Examples of suitable nonionic surfactants include, but are not limited to, polyvinyl alcohol, polyacrylic acid, methalose, methyl cellulose, ethyl cellulose, propyl cellulose, hydroxy ethyl cellulose, carboxy methyl cellulose, polyoxyethylene cetyl ether, polyoxyethylene lauryl ether, polyoxyethylene octyl ether, polyoxyethylene octylphenyl ether, polyoxyethylene oleyl ether, polyoxyethylene sorbitan monolaurate, polyoxyethylene stearyl ether, polyoxyethylene nonylphenyl ether, dialkylphenoxypoly(ethyleneoxy)ethanol (available from Rhone-Poulenc as IGEPAL CA-210®, IGEPAL CA-520®, IGEPAL CA-720®, IGEPAL CO-890®, IGEPAL CO-720®, IGEPAL CO-290®, IGEPAL CA-210®, ANTAROX 890®, and ANTAROX 897®) and the like, as well as mixtures thereof.

Initiators

Any suitable initiator or mixture of initiators may be selected in the latex process and the toner process. In embodiments, the initiator is selected from known free radical polymerization initiators. The free radical initiator can be any free radical polymerization initiator capable of initiating a free radical polymerization process and mixtures thereof, such free radical initiator being capable of providing free radical species on heating to above about 30° C.

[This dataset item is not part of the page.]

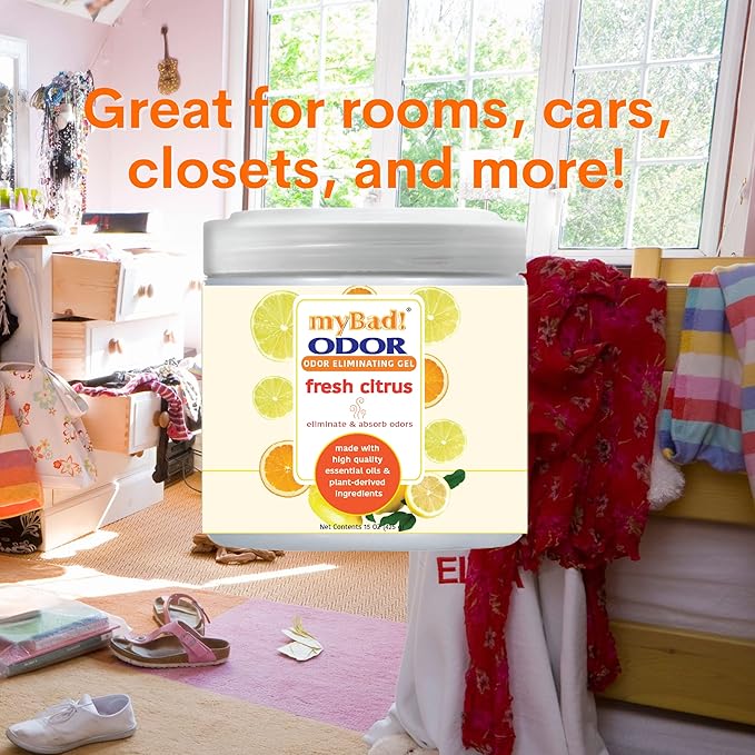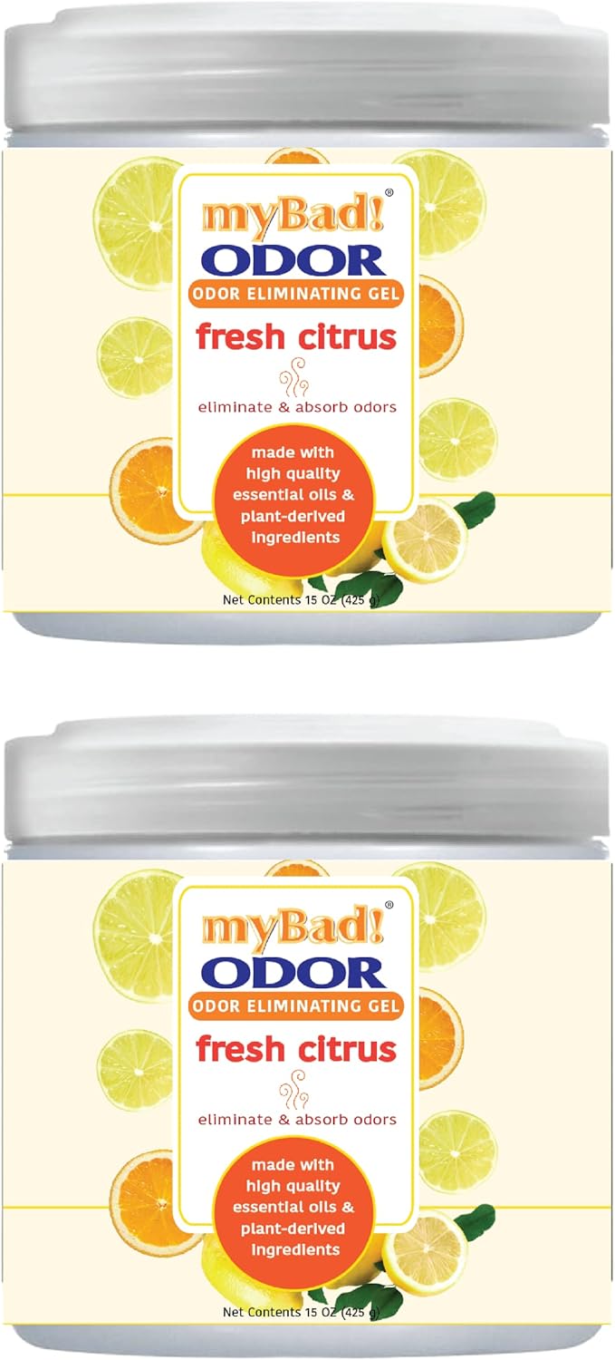 Odor Eliminator Essential Oil Gel 15 oz - Air Freshener - Eliminates Odors in Bathroom, Pet Area, Closets, RVs, Pet Areas (Fresh Citrus, 2 Pack)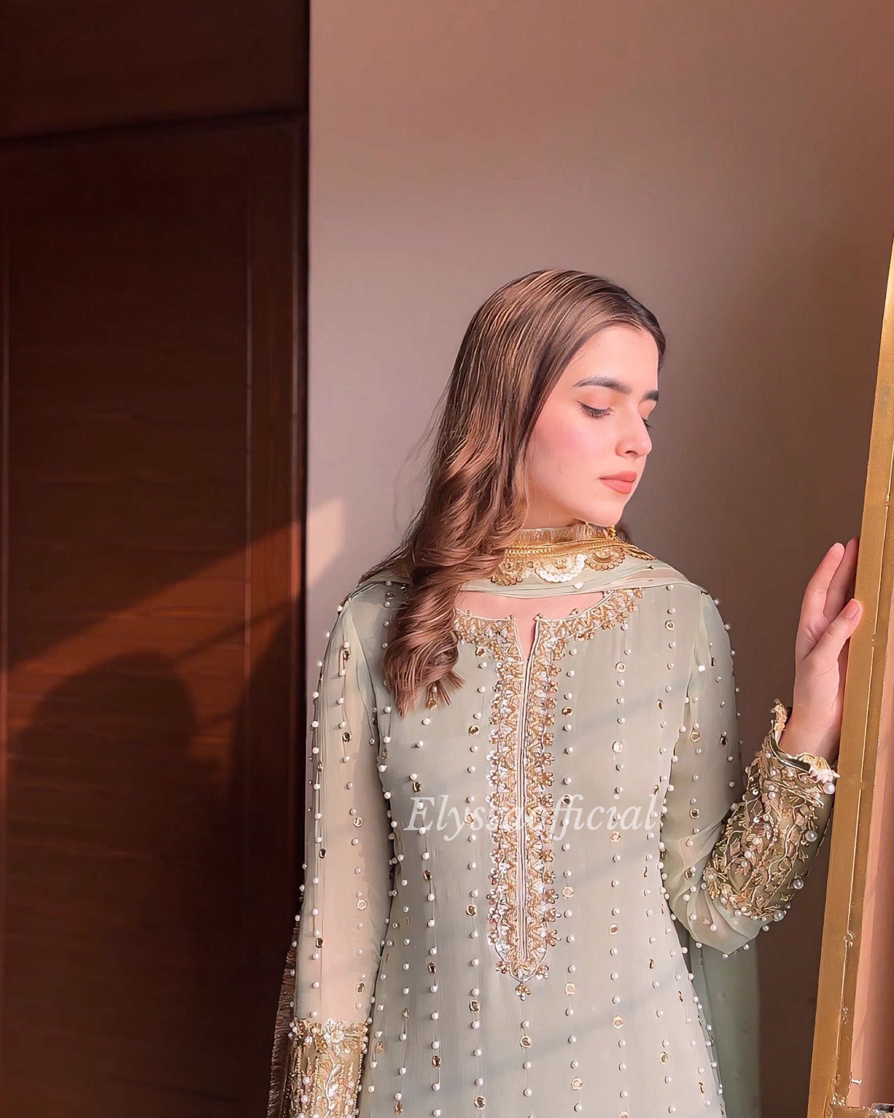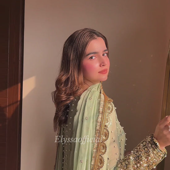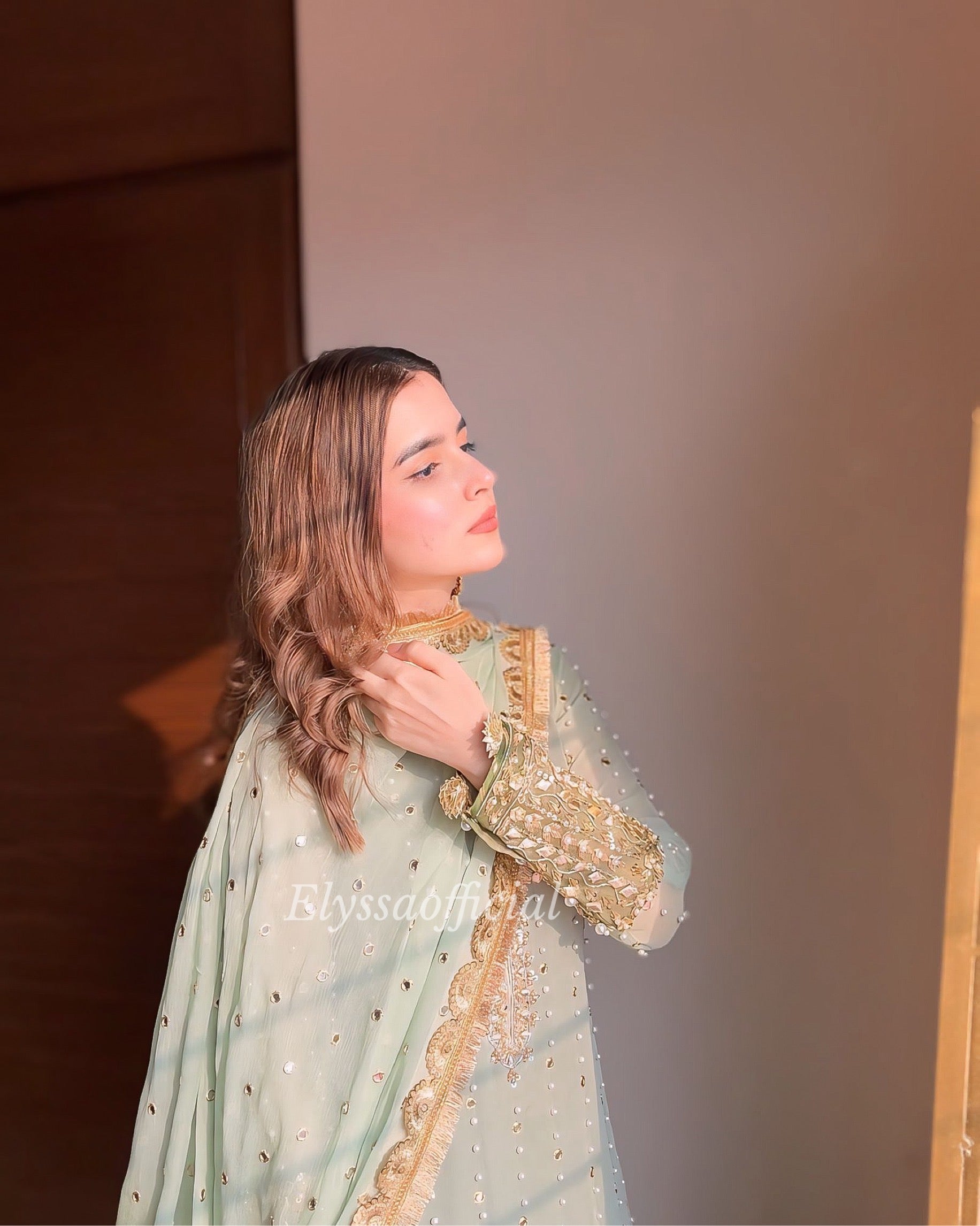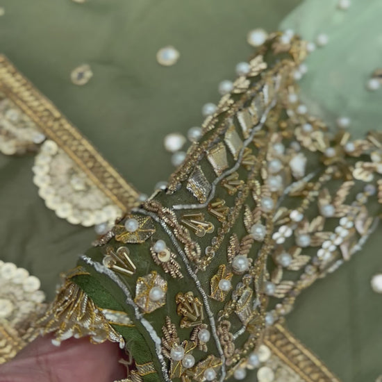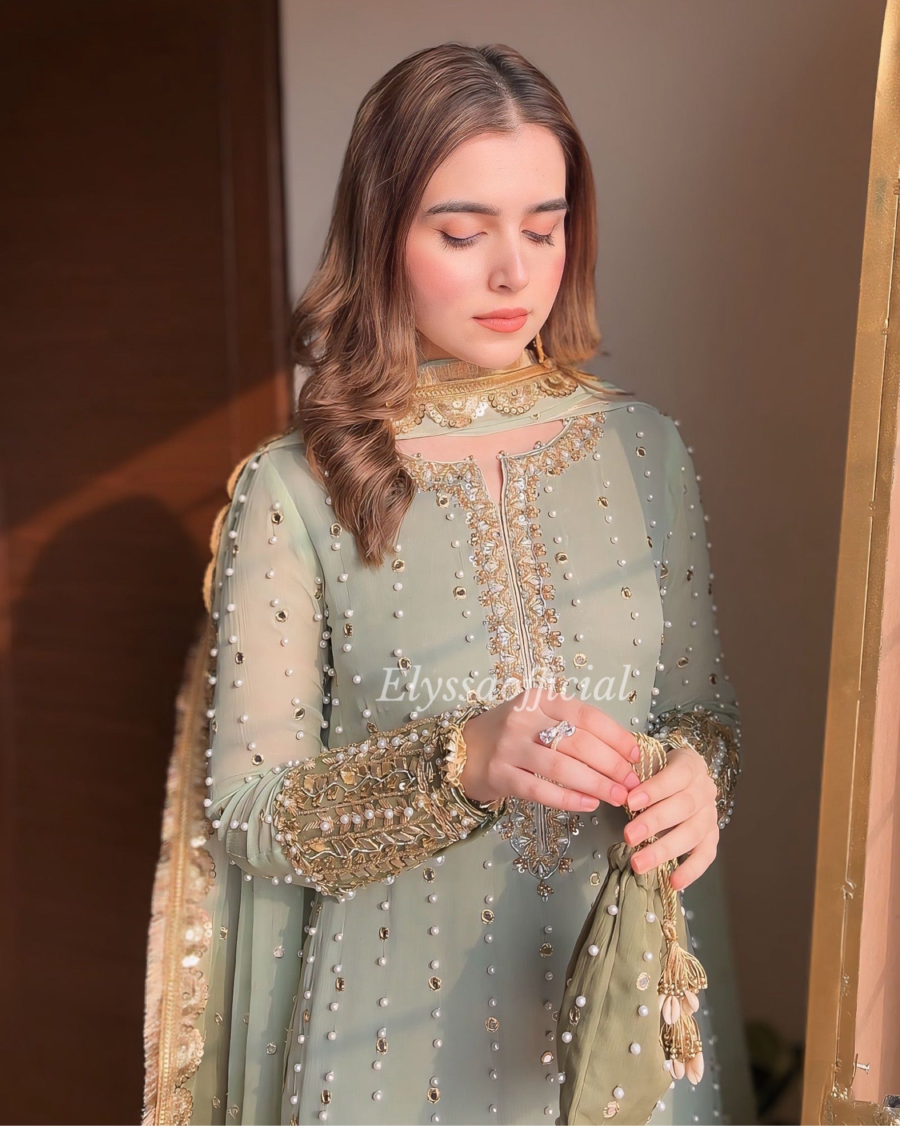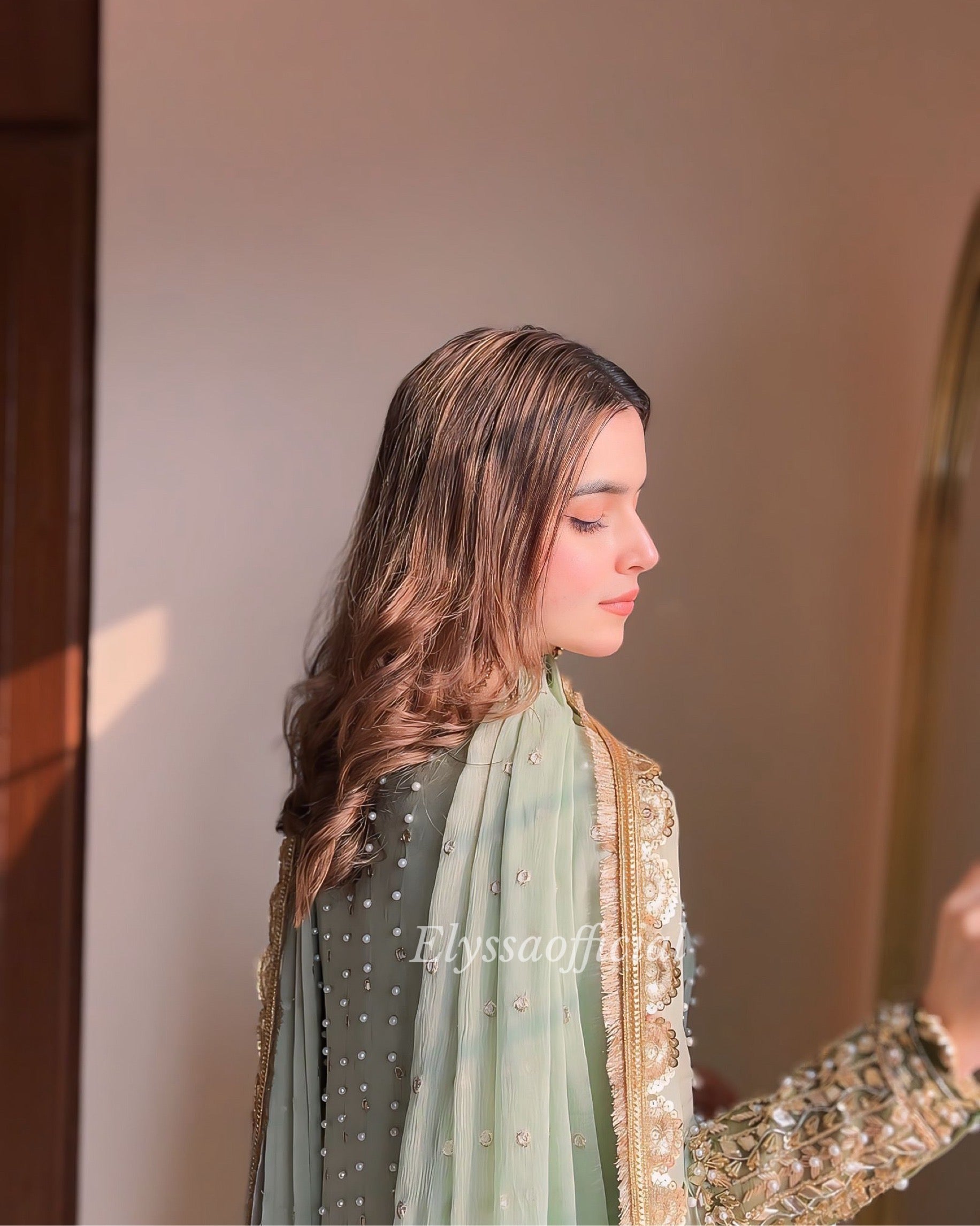 This suit Colour is a sage mint with olive dusky contrast touches.. Stunning unique combination

Although water soluble free radical initiators are used in emulsion polymerization reactions, other free radical initiators also can be used. Examples of suitable free radical initiators include, but are not limited to, peroxides, such as, ammonium persulfate, hydrogen peroxide, acetyl peroxide, cumyl peroxide, tert-butyl peroxide, propionyl peroxide, benzoyl peroxide, chlorobenzoyl peroxide, dichlorobenzoyl peroxide, bromomethylbenzoyl peroxide, lauroyl peroxide, diisopropyl peroxycarbonate, tetralin hydroperoxide, 1-phenyl-2-methylpropyl-1-hydroperoxide and tert-butylhydroperoxide; pertriphenylacetate, tert-butyl performate; tert-butyl peracetate; tert-butyl perbenzoate; tert-butyl perphenylacetate; Cert-butyl permethoxyacetate; tert-butyl per-N-(3-toluoyl)carbamate; sodium persulfate; potassium persulfate, azo compounds, such as, 2,2″-azobispropane, 2,2′-dichloro-2,2′-azobispropane, 1,1′-azo(methylethyl)diacetate, 2,2′-azobis(2-amidinopropane)hydrochloride, 2,2′-azobis(2-amidinopropane)-nitrate, 2,2′-azobisisobutane, 2,2′-azobisisobutylamide, 2,2′-azobisisobutyronitrile, methyl 2,2′-azobis-2-methylpropionate, 2,2′-dichloro-2,2′-azobisbutane, 2,2′-azobis-2-methylbutyronitrile, dimethyl 2,2′-azobisisobutyrate, 1,1′-azobis(sodium 1-methylbutyronitrile-3-sulfonate), 2-(4-methylphenylazo)-2-methylmalonod-initrile, 4,4′-azobis-4-cyanovaleric acid, 3,5-dihydroxymethylphenylazo-2-methylmalonodinitrile, 2-(4-bromophenylazo)-2-allylmalonodinitrile, 2,2′-azobis-2-methylvaleronitrile, dimethyl 4,4′-azobis-4-cyanovalerate, 2,2′-azobis-2,4-dimethylvaleronitrile, 1,1′-azobiscyclohexanenitrile, 2,2′-azobis-2-propylbutyronitrile, 1,1″-azobis-1-chlorophenylethane, 1,1-azobis-1-cyclohexanecarbonitrile, 1,1′-azobis-1-cycloheptanenitrile, 1,1″-azobis-1-phenylethane, 1,1′-azobiscumene, ethyl 4-nitrophenylazobenzylcyanoacetate, phenylazodiphenylmethane, phenylazotriphenylmethane, 4-nitrophenylazotriphenylmethane, 1′-azobis-1,2-diphenylethane, poly(bisphenol A-4,4′-azobis-4-cyanopentano-ate) and poly(tetraethylene glycol-2,2′-azobisisobutyrate); 1,4-bis(pentaethylene)-2-tetrazene; 1,4-dimethoxycarbonyl-1,4-dipheny-l-2-tetrazene and the like; and mixtures thereof.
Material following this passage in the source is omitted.